## [Provided records]

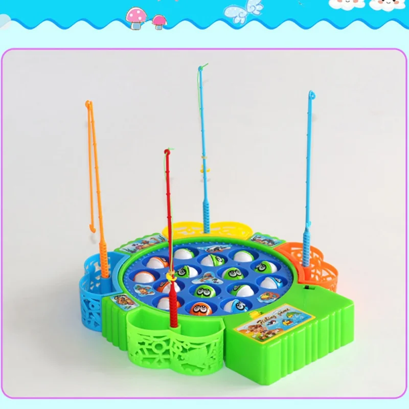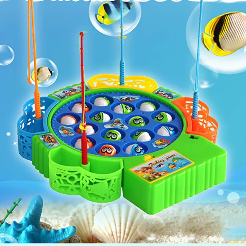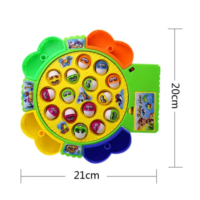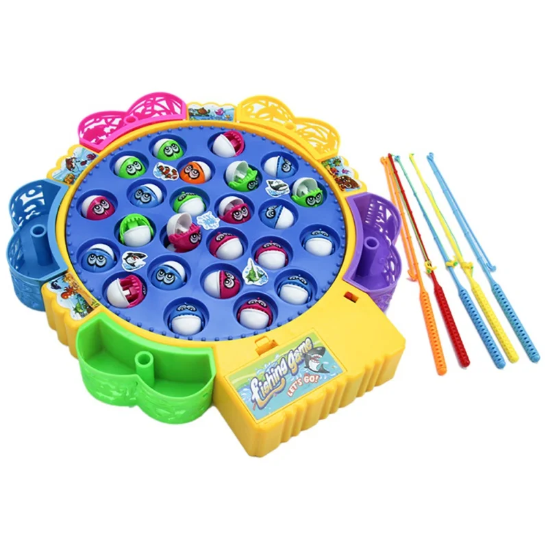 The original fishing game-it’s a classic! The game board spins and the fish open and close their mouth Includes 21 colorful fish and 4 fishing poles Tested for quality and safety Manufacturer Recommended Age: 4 and up Try to get the most fish in this classic action packed game Deluxe plastic game base 1-4 players
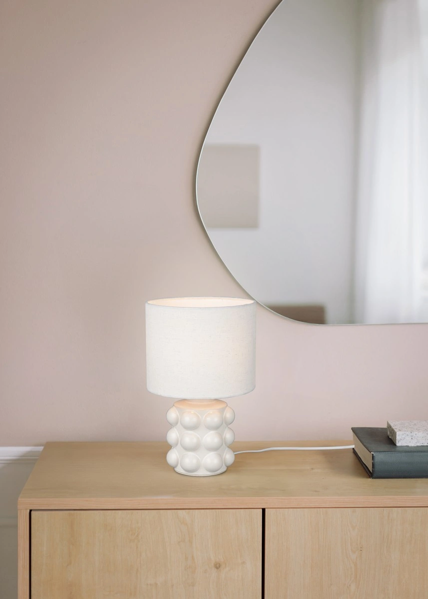 Lampa stołowa z abażurem KATE to wyjątkowy produkt marki RL, który doskonale łączy funkcjonalność z eleganckim designem. Model o kodzie R56481001 idealnie sprawdzi się w różnych wnętrzach, wprowadzając przyjemną atmosferę oraz subtelne oświetlenie. Dzięki prostemu, białemu wykończeniu, ta lampa stołowa wkomponuje się w każde pomieszczenie, od sypialni, przez salon, aż po gabinet.
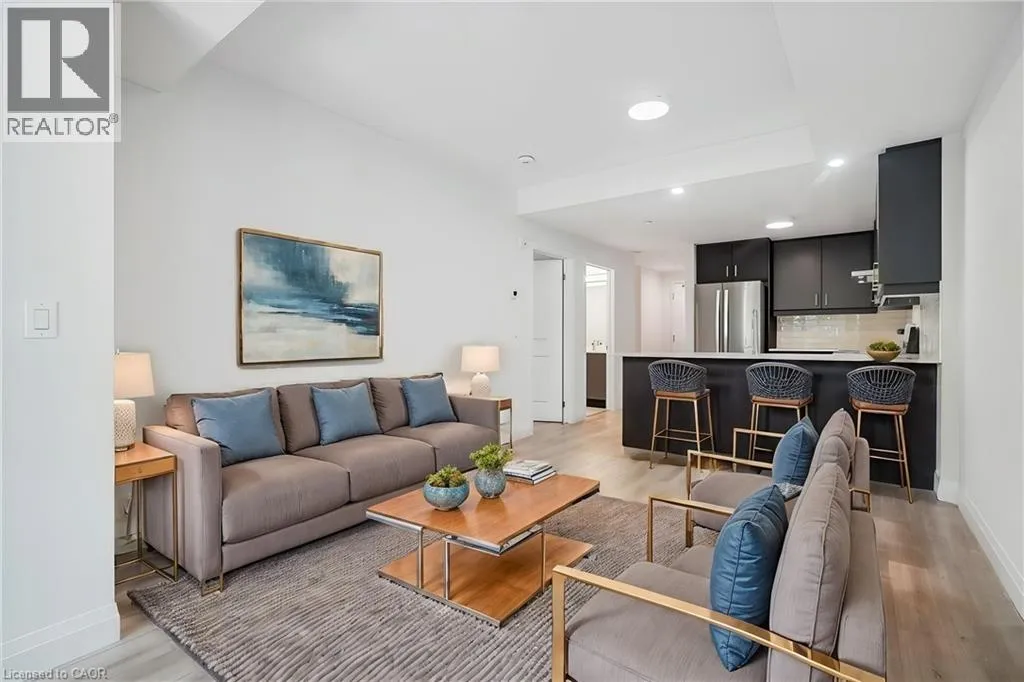 403 Exit onto Wilson St W Discover Contemporary Living in Ancaster Village! This stunning 1 BR + den condo offers modern elegance & convenience in one of the most sought-after locations. Step into a bright, open-concept living space adorned with contemporary finishes, perfect for both relaxation & entertaining. The den provides flexible space, ideal for a home office or guest room. Enjoy your morning coffee on the private balcony with cozy seating, or take advantage of the building's exceptional amenities, including a stylish party room, media room, & a rooftop terrace with breathtaking views. Location is everything & this condo doesnât disappoint! You're just steps away from boutique shops, fine dining, grocery stores, & public transit, with easy access to the 403 & Linc for seamless commuting. Plus, enjoy the added convenience of underground parking & a storage locker, providing all the essentials for a stress-free lifestyle. (id:27476)
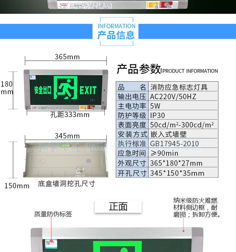 敏华电工 紧急疏散指示灯 M-BLZD-1LROEⅠ5WCAC 嵌入式 双向 1台
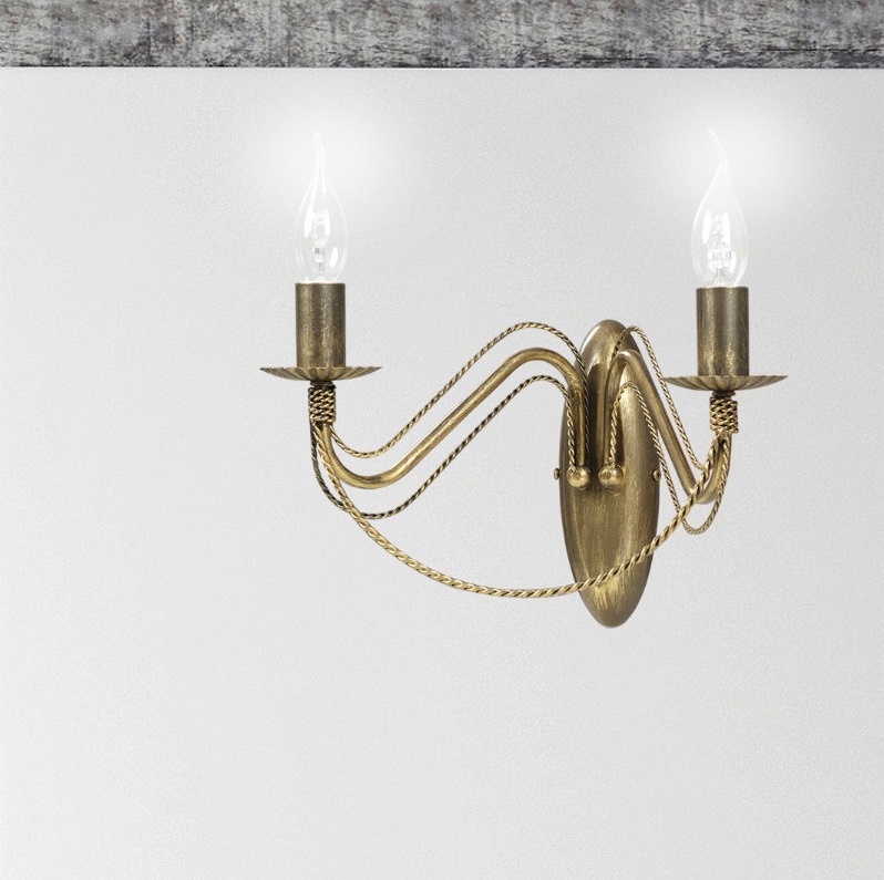 Złoty kinkiet Tori w stylu świecznikowym z dwoma źródłami E14
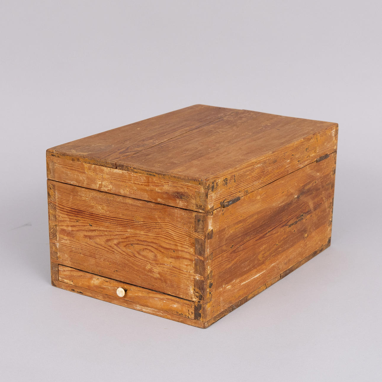 Sukkertop, i æske med kniv. Kasse i fyrretræ.
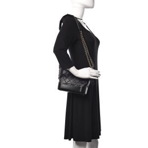 This is an authentic Aged Small Hobo in Black. This chic shoulder bag is crafted of diamond-stitched aged leather in black. It features a sturdy smooth black base. and thin gold-tone. silver-tone. and ruthenium link leather threaded shoulder straps with a shoulder pad. The top zipper features an aged zipper pull and opens to a red fabric interior with zipper and patch pockets.
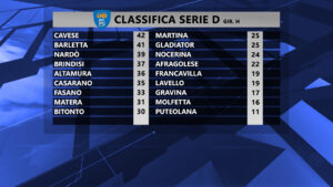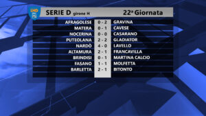 LECCE – In Serie D si è giocata la 22^ giornata. La Cavese è uscita vincitrice da Matera grazie a un gol a due minuti dalla fine di Magrì. E il Nardò non perde le distanze rimanendo a tre punti sotto grazie al 4-0 contro il Lavello. Cade, in casa il Brindisi, punito dall’ex Ancora.
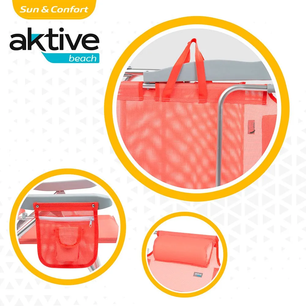 The AKTIVE Low Folding Chair is a versatile and modern seating option that can be used both indoors and outdoors, whether you want to relax by the pool or on your patio. With dimensions of 48 x 54 x 82.5 cm, this chair is designed to offer comfort and convenience, and is made with a lightweight yet sturdy aluminum frame that can support up to 120 kg of weight.This particular model comes in an eye-catching flaming red color that adds a pop of vibrancy to any decor, and it features a multi-position backrest that allows you to adjust the angle to your liking. Whether you want to sit upright or lean back and relax, this chair can accommodate your preferences.In addition, this AKTIVE Low Folding Chair is easy to store and transport, thanks to its compact foldable design that allows it to be stored in small spaces when not in use. This makes it a great choice for camping trips, picnics, or any other outdoor activity that requires comfortable seating.Overall, the AKTIVE Low Folding Chair is a quality piece of furniture that combines style, functionality, and durability, making it a great investment for anyone who values comfort and convenience in their outdoor seating arrangements.
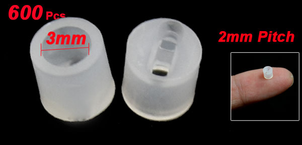 Product Name LED Spacers Quantity 600±2% Inner Hole Dia.(Approx.) 3mm Hole Pitch(Approx.) 2mm Total Size(Approx.) 4 x 4mm/ 0.16" x 0.16" (D*L) Material Nylon Color White Net Weight 25g Package Content 600 x LED Spacers - Reviews

## [Task brief]
Only the lines from the start of the records to the one containing "Lampa stołowa z" should be repeated, exactly and with both ends kept; drop any pictures.

## [Answer section]
 The original fishing game-it’s a classic! The game board spins and the fish open and close their mouth Includes 21 colorful fish and 4 fishing poles Tested for quality and safety Manufacturer Recommended Age: 4 and up Try to get the most fish in this classic action packed game Deluxe plastic game base 1-4 players
 Lampa stołowa z abażurem KATE to wyjątkowy produkt marki RL, który doskonale łączy funkcjonalność z eleganckim designem. Model o kodzie R56481001 idealnie sprawdzi się w różnych wnętrzach, wprowadzając przyjemną atmosferę oraz subtelne oświetlenie. Dzięki prostemu, białemu wykończeniu, ta lampa stołowa wkomponuje się w każde pomieszczenie, od sypialni, przez salon, aż po gabinet.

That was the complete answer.